**Exercise instructions**
The lines in the listing below are to be given again exactly, starting at the line holding "教程对SW2020新功能的讲" and ending at the line holding "Рис. 1. ИК-спектры". Do not include pictures.

**Records to process**
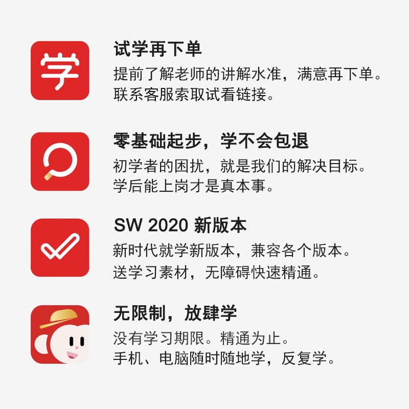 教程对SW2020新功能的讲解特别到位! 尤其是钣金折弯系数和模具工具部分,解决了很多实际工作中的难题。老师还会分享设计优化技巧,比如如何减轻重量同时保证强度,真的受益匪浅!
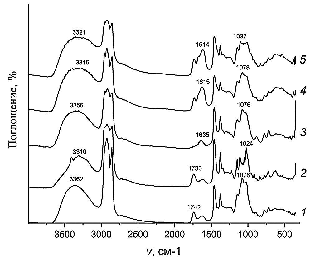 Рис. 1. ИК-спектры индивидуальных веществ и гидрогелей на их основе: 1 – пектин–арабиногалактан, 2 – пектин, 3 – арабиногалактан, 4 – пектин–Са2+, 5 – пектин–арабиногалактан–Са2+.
* * *
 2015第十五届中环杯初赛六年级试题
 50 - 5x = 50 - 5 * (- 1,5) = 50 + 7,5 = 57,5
* * *
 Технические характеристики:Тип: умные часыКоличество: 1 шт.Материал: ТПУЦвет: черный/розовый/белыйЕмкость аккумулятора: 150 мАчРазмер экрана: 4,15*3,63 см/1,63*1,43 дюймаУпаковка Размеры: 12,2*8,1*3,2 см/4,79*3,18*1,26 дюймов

**Result**
 教程对SW2020新功能的讲解特别到位! 尤其是钣金折弯系数和模具工具部分,解决了很多实际工作中的难题。老师还会分享设计优化技巧,比如如何减轻重量同时保证强度,真的受益匪浅!
 Рис. 1. ИК-спектры индивидуальных веществ и гидрогелей на их основе: 1 – пектин–арабиногалактан, 2 – пектин, 3 – арабиногалактан, 4 – пектин–Са2+, 5 – пектин–арабиногалактан–Са2+.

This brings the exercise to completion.